Lots of good suggestions there. For me the following is a specification I would suggest.
1/ A gravity fed
airbrush with a needle size of .3 or .35 that is good for general use. You could stretch to .4 but I would not go down to .2 as it can be more prone to clogging though that depends on what paints you use.
2/ Avoid the cheap Chinese ‘knock offs’ as a false economy. They work well for some but for many they don’t last long. I would suggest spending something in the region of £100 or so for a decent brand. Brands I have used and would recommend include Harder & Steenbeck (exceptionally easy to strip clean), Iwata (refined and reliable), Creos Procon Boy (reliable, refined) and Topnotch (decent all-rounder).
3/ Get a compressor with a tank. You can get these for between £60 and £100 and, in this respect, a cheap Chinese model can provide decent value. If a bundled
airbrush is included either throw away the
airbrush or just use it for primer.
4/ If you still have some money left you might want to get an in-line ‘fine pressure control’ at the ‘business end’ as an easy way to adjust pressure. I set the compressor pressure at the highest level I might need and then adjust it up and down, as needed, at the
airbrush end.
Airbrushing can be really rewarding, providing a finish and effects that you would not manage with a brush. But it does need a lot of practise to master it.

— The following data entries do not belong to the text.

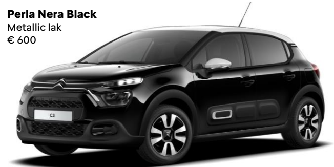
Perla Nera Black Metallic lak € 600
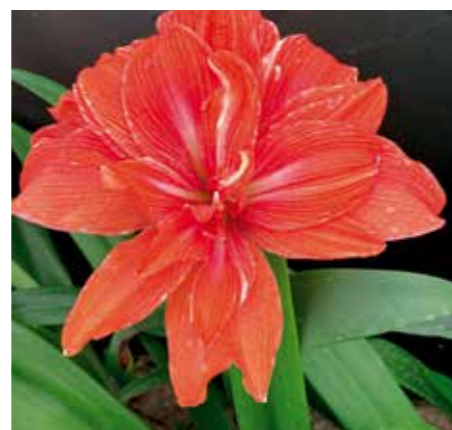
Hippeastrum 'Honey Girl'
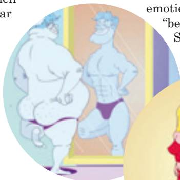
Een nieuwkomer ziet zichzelf door (de spiegel van) de collega's.

Overigens blijkt het dat emoties elkaar "besmetten" (dixit Sylvie Van Belle).
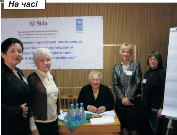
Мозковий центр гендерної освіти України і не лише України (друга ліворуч професор Університету Вальпараїсо (США) Мар'яна Рубчак)

Вінницький освітній гендерний центр відповідно до виконання проекту Програми Розвитку ООН в Україні (UNDP) з гендерної політики в рамках Програми рівних можливостей ПРООН провів Всеукраїнську науково-практичну конференцію «Перспективи становлення гендерної освіти як реалізація демократичних перетворень в українському суспільстві». Ідея проведення Всеукраїнської конференції саме на базі Вінницького освітнього гендерного центру виникла майже рік тому в Києві під час обміну досвідом в галузі гендерної освіти в Офісі Програми розвитку ООН в Україні та нагородження студентів нашого ВНТУ, що отримали призові місця у Всеукраїнському конкурсі наукових робіт з гендерної проблематики.
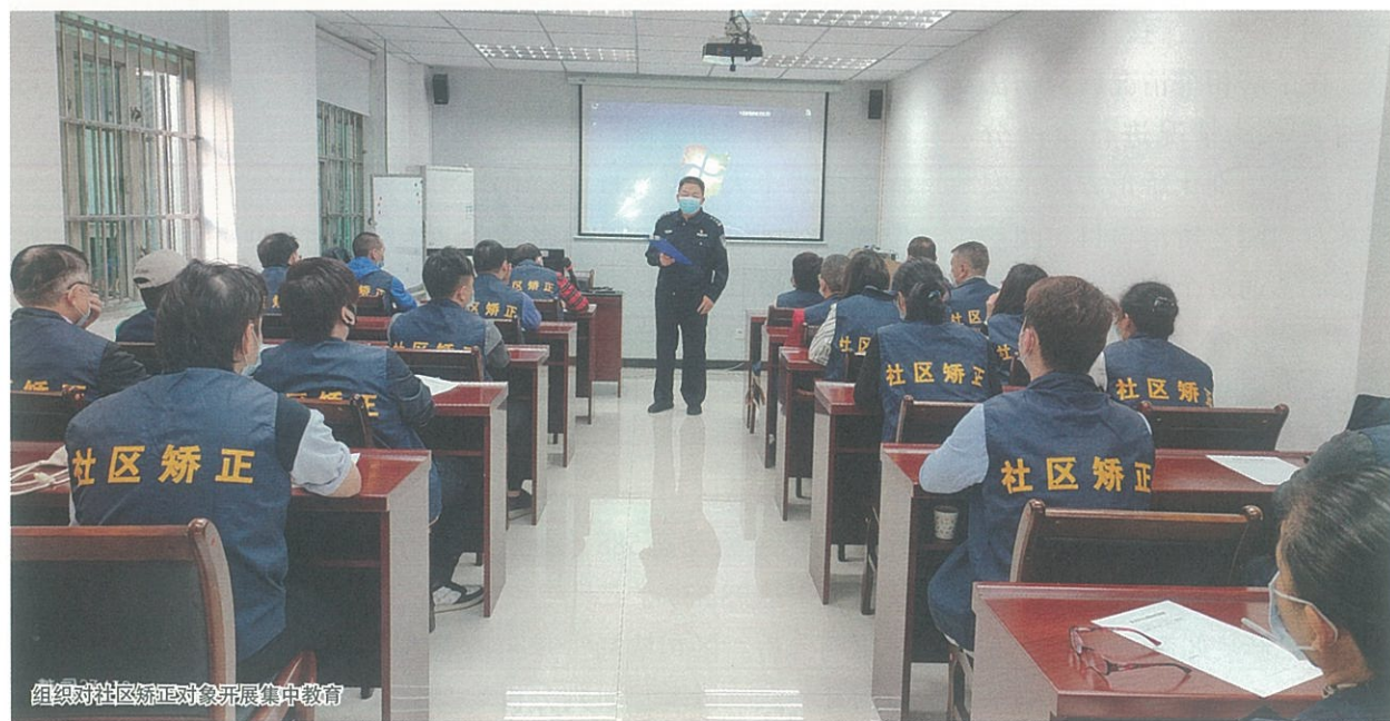
组织对社区矫正对象开展集中教育
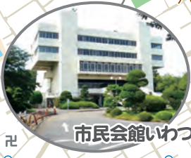
市民会館いわつき
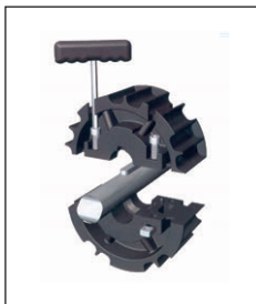
Two part design
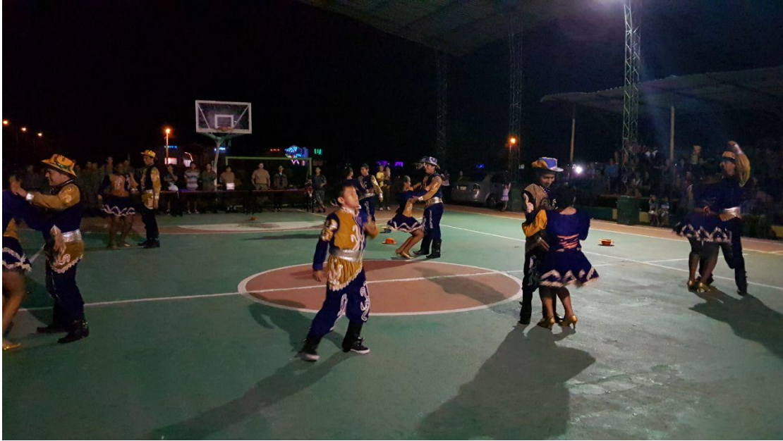
Caravana artística con artistas musicales y escénico en fiestas navideñas con estudiantes de la Unidad del Milenio Lumbaqui
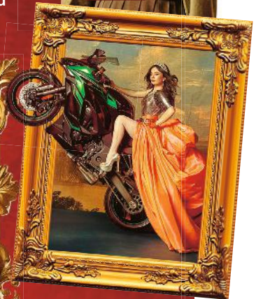
Eine fiktionale Prinzessin: „Su Majestad“
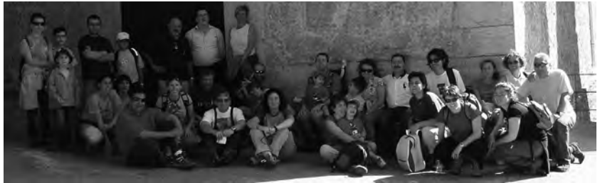
Sortida a La Mola de Colldejou el novembre passat

La Joncosa de Montmell és el poble més gran del Montmell i el que fa de cap de municipi. Està situat a 430 m. d'altitud, a la vall formada per la mateixa serra del Montmell i la serra de la Montjoia, el peu del puig de les Forques, del puig del Castellot i de la Creu. Les tres primeres cases que es van construir a la Joncosa són: Cal Cintet, Cal Ventosa, on hi ha l'Ajuntament, i cal Papiol. De la font de la Joncosa ja se'n parla l'any 1011.
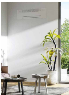
Climatizzazione estiva Split Innova Filomuro
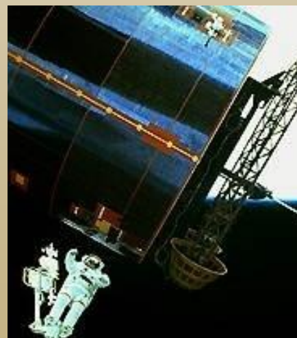
Космический аппарат «Синком IV-3»
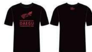
T-シャツ 35,000₩ (21€)
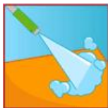
Jet haute pression
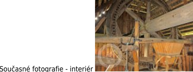
Současné fotografie - interiér
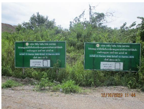
รูปที่ 2-3 ป้ายแสดงแผนผังพื้นที่โครงการ
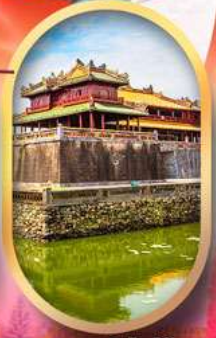
พระราชวังไคไญ
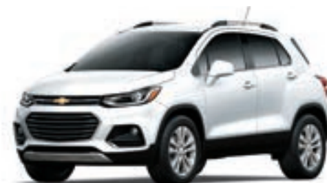
GAZ - BLANC SOMMET

Indeed it is a very steep learning curve but well worth persevering with.
There are a lot of tutorial videos available and I strongly recommend watching them.
There are ways that you can shorten the learning curve and simplify your airbrushing, though and what I would recommend is to eliminate one of the varying factors that you need to contend with when learning. That is thinning ratios. Every paint has its own thinning needs and this can change depending on your set up. So the answer to this is:
1/ Use the same paint all the time through the
airbrush so you get used to it’s characteristics. That said, a lot of brands are not even consistent between their own colours so that is not necessarily that easy to do.
2/ There are different characterises between types of paint. Water based acrylics spray differently to alcohol based, lacquers are different again and enamels different again. In terms of ease of use I rank them in the following orders.
1/ Lacquers are the best through the
airbrush. They spray like silk, adhere well, dry in minutes. The downside being smell and they cannot be hand brushed very well.
2/ Alcohol based. These also spray well, perhaps not quite as well as lacquers but pretty good. Also have some fumes and are not ideal for hand brushing.
3/ Water based acrylics. These are commonly available and popular but need to have added retarder to stop ‘tip-dry’, they can take a long time to cure, as opposed to just being touch dry, an important consideration for masking as they don’t adhere well and can easily peel off with masking. They do hand brush well though. Their big benefit is a lack of smell so they are ‘friendly’ if you are spraying in a confined area but do wear a particle mask.
4/ Enamels. A lot of people love enamels and I rate them fourth only because they are not as widely available these days. They have no spraying advantages over lacquers but plenty of advantages over water based, other than fumes. Humbrol used to be the most easily available but I understand they are withdrawing enamels from the market and, besides, I was not impressed by them anyway.
To summarise - lacquers are best for the
airbrush and if you use a lacquer based paint that does not need thinning, even if spraying fine lines, you get a win win situation. I use a brand called MRP (also known as Mr Paint, that is not to be confused with the Gunze Mr Color range though). I have used their lacquers through the
airbrush exclusively for over 5 years and I have never had to thin them or mix them due to their huge range. They spray beautifully at a low psi of 10-15 or even lower when spraying fine lines. The pigments are so small they work even with small needle sizes. I use their primers and varnishes as well as ordinary paint. That said, you do need a paint booth to extract fumes (another expense to allow for) and for hand painting small details over the lacquers you will need a small selection of water based acrylics (I use Vallejo).
This is a lot longer post than I intended but I hope it’s helpful.